How do you solve \[\log x+\log 5=2\]?

Answer 1

Hint: We can see that the question involves the logarithm function, so we will be using the properties of logarithms to solve for \[x\]. We will first convert the 2 present in RHS in terms of logarithm function, that is, \[2={{\log }_{10}}{{10}^{2}}={{\log }_{10}}100\]. We will next use the logarithm property which is \[\log a+\log b=\log ab\] and we will get the expression as \[\log 5x=\log 100\]. Then, on comparing the expression on either side of the equality, we will get the value of \[x\].

Complete step by step solution:
According to the given question, we have a logarithm based question, which we have to solve for \[x\]. We will be using the properties of the logarithm function to solve for the same.
We first need to understand that logarithm function and numbers cannot be computed together.
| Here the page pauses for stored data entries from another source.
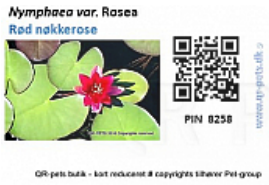
T. 2. Pictogram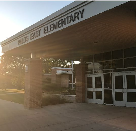
بالوس إيست مدرسة نموذجية 2020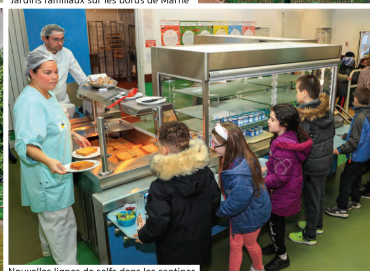
Nouvelles lignes de selfs dans les cantines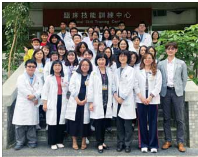
↑高雄長庚藥劑部於3月23日舉行南區教學醫院藥學OSCE聯合訓練。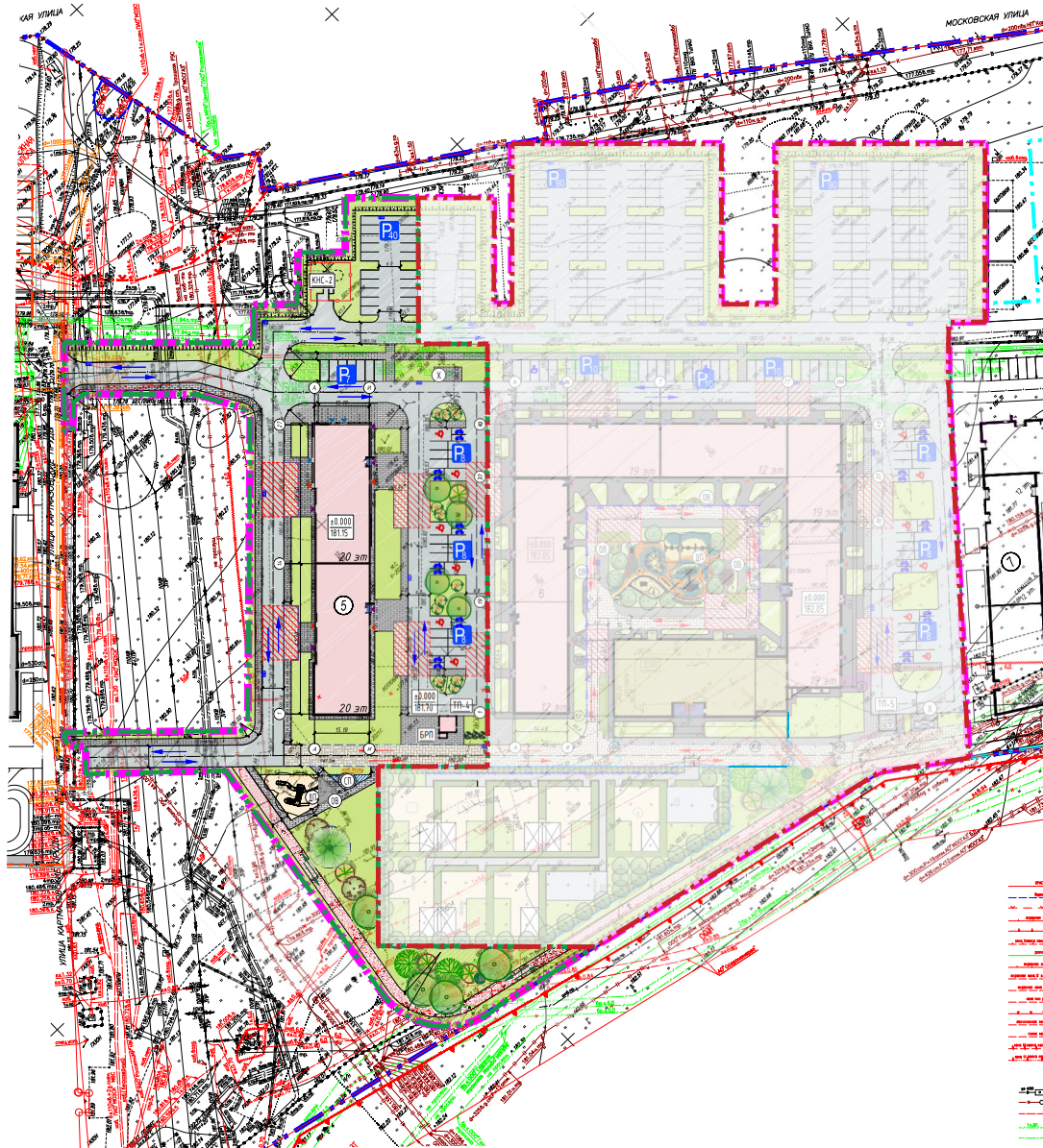
Сводная ведомость технико-экономических показателей благоустройства. Подэтап 2.1

We will have to convert the entire expression in terms of logarithm or in terms of numbers to start solving for \[x\]. In this given question, we can see it will be better if we convert all the terms in the expression in terms of logarithm function, as only one term on the RHS is a number.
So, we will write 2 in the RHS in terms of logarithm function,
We know that,
\[2={{\log }_{10}}{{10}^{2}}\]
As \[{{\log }_{10}}10=1\]
So, we have,
\[2={{\log }_{10}}{{10}^{2}}={{\log }_{10}}100\]
The new expression we have is,
\[\log x+\log 5=\log 100\]----(1)
Now, we will be using the property of the logarithm function which is,
\[\log a+\log b=\log ab\]---(2)
Applying the equation (2) in equation (1), we get,
\[\Rightarrow \log 5x=\log 100\]
We can see that the above expression has log function on both sides of the equality, so we cancel it out, and we have,
\[\Rightarrow 5x=100\]
We have the value of \[x\] as,
\[\Rightarrow x=20\]
Therefore, the value of \[x\] is \[20\].

Note: The logarithm properties we have:
1) \[\log a+\log b=\log ab\]
2) \[\log a-\log b=\log \dfrac{a}{b}\]
While using the properties, the values should be substituted correctly. Also, be careful of the base of the logarithm function and check whether it is 10 or exponential and accordingly solve the expression.